Counsel for both Sudbury Station and JOC Trust have submitted requests for the award of attorneys' fees supported by affidavit and by contemporaneous time records. Considering the nature of the case, I find the time and labor indicated by both attorneys to have been reasonable (with two exceptions noted below); and the results obtained by them have been taken into account. The case required considerable and sophisticated motion practice, which both attorneys approached in a professional, accomplished and efficient manner. Both attorneys have been in practice for many years. I find the hourly rate of $325.00 charged by counsel for Sudbury Station to be fair and reasonable and consistent with rates charged by attorneys practicing in smaller offices outside of Boston. I find the hourly rate of $565.00 charged by counsel for JOC Trust to be well in excess of the rates typically charged by attorneys similarly situated in solo practices in the western suburbs of Boston. While counsel is experienced and accomplished, the rates charged by attorneys in small suburban offices are generally considerably less than the hourly rates of attorneys in Boston and in larger offices, at least partly as a reflection of considerably lower rents and other overhead expenses. Accordingly, I believe a reasonable and fair hourly rate for the work performed by counsel for JOC Trust is the same as the $325.00 hourly rate charged by counsel for Sudbury Station.

I have examined the contemporaneous time records of counsel for Sudbury Station and find the time spent and labor performed to be reasonable, and all of it related to the present action. I have examined the contemporaneous time records of JOC Trust's counsel as well and make the following adjustments: time spent and labor performed prior to the filing of the present action on December 8, 2016, while it may have been generally related to the ongoing dispute with the Town, was not sufficiently related to the present action and is not compensable. Therefore, 5.4 hours will be deducted from the award. A time entry of 5 hours on March 29, 2017, for court appearances on the same day in both cases pending before this court will be reduced by half, to 2.5 hours, to reflect that not all the time was attributable to the present case.

Accordingly, Sudbury Station will be awarded attorneys' fees in the amount of $54,716.93, representing 170.10 hours at $325.00 per hour, plus disbursements represented on the time records submitted by counsel; JOC Trust will be awarded $20,507.50, representing 63.1 hours at $325.00 per hour.

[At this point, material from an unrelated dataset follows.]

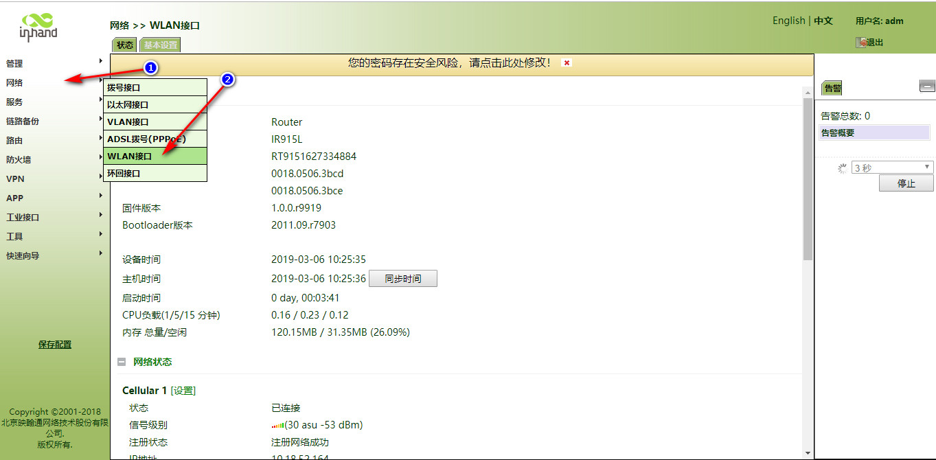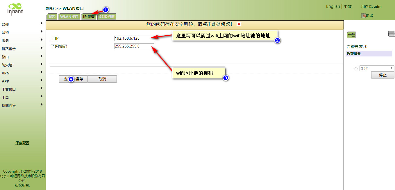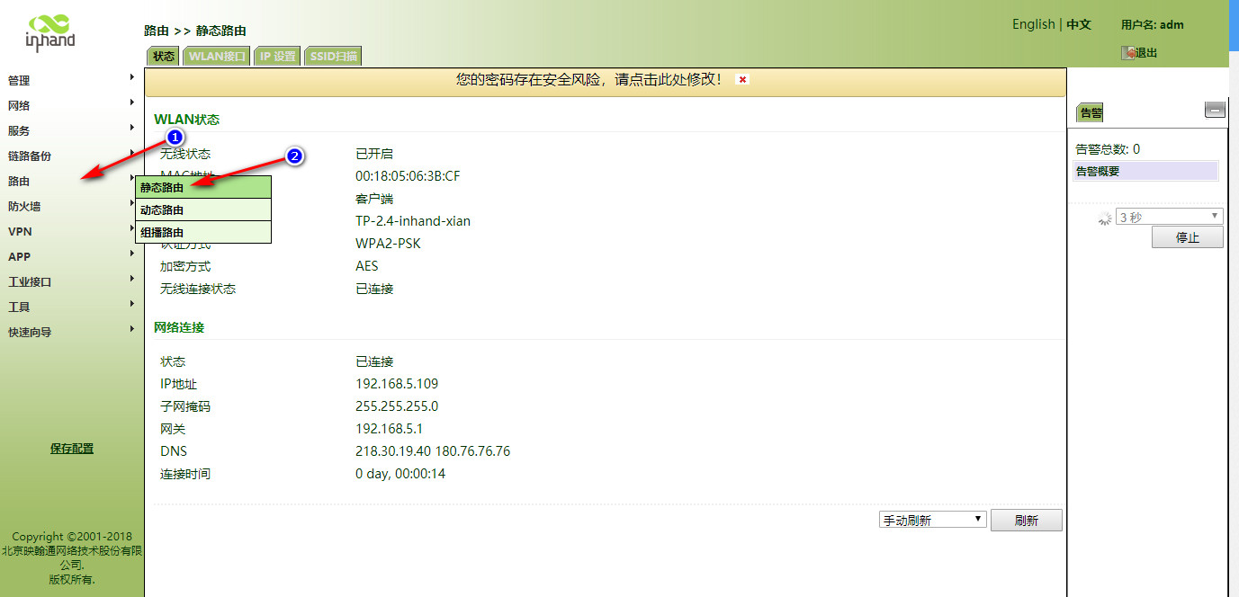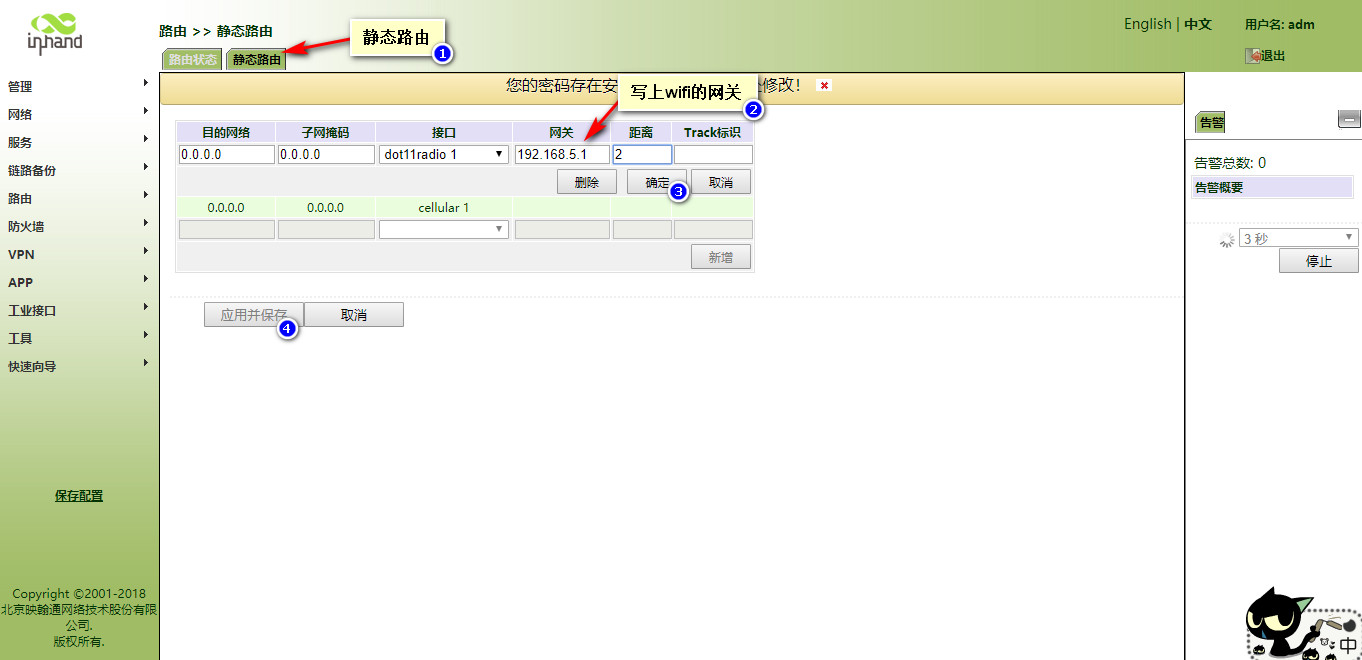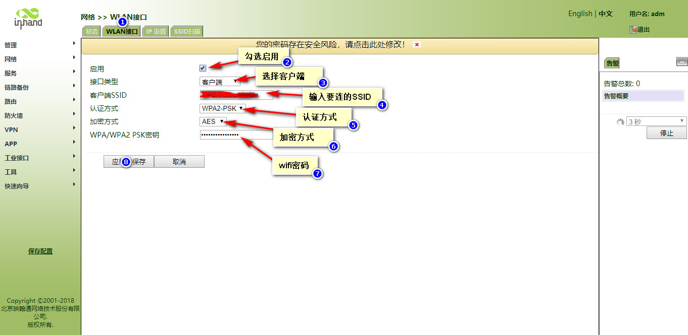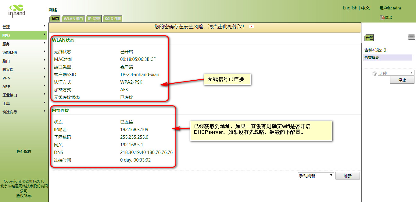 怎样使用IR900连接WiFi上网呢?? 奇兵 这家伙很懒,还没有设置简介 1 人点赞了该文章 · 3175 浏览 1、登录网关。 2、开启网关的DHCP客户端(默认开启)。 3、开启WLAN客户端功能。 4、填写要连接的WIFI信息。 5、查看连接情况 6、写静态路由。 7、设置防火墙 8、WiFi的DHCPserver没有开启的话继续向下执行,如果上边的已经测试可以通,则不需要执行下边的操作。

Based on the rulings herein, it is

ORDERED that Sudbury Station, LLC's motion for attorneys' fees pursuant to G. L. c. 231, § 6F is ALLOWED, and it is ORDERED that the plaintiff town of Sudbury shall pay to the defendant Sudbury Station, LLC, attorneys' fees in the amount of $54,716.93;

And it is further

ORDERED that Dorothy M. Bartlett, Laura B. McCarthy and Martha J. Bartlett, Trustees of JOC Trust's motion for attorneys' fees pursuant to G. L. c. 231, § 6F is ALLOWED, and it is ORDERED that the plaintiff town of Sudbury shall pay to the defendants Dorothy M. Bartlett, Laura B. McCarthy and Martha J. Bartlett, Trustees of JOC Trust, attorneys' fees in the amount of $20,507.50.

So Ordered.


FOOTNOTES

[Note 1] Affidavit of Robert D. Abrams, dated May 15, 2017, ¶¶ 7, 8.

[Note 2] Affidavit of Jody Kablack, ¶ 4.

[Note 3] The town planner's assertion in her affidavit that she and other town officials relied on the continued viability of JOC Trust's stated intention to agree to a limit on the use of the property to one house lot, based on a proposed agreement that would only have gone into effect if a 2002 subdivision approval had been finalized, is not reasonable or credible, and it is in any event contradicted by her own admission in the February 11, 2015 minutes.

[Note 4] Minutes of Executive Session of Board of Selectmen, February 15, 2011, "Land Negotiations – Abrams Land Swap – Update."

[Note 5] Memorandum to Board of Selectmen from Jody Kablack, Director of Planniing and Community Development, October 20, 2015, Exhibit B to Affidavit of Christopher Claussen, dated May 15, 2017.

[Note 6] Affidavit of Christopher Claussen, ¶ 16.

[Note 7] Joint Statement of Agreed Facts, Exhibit I.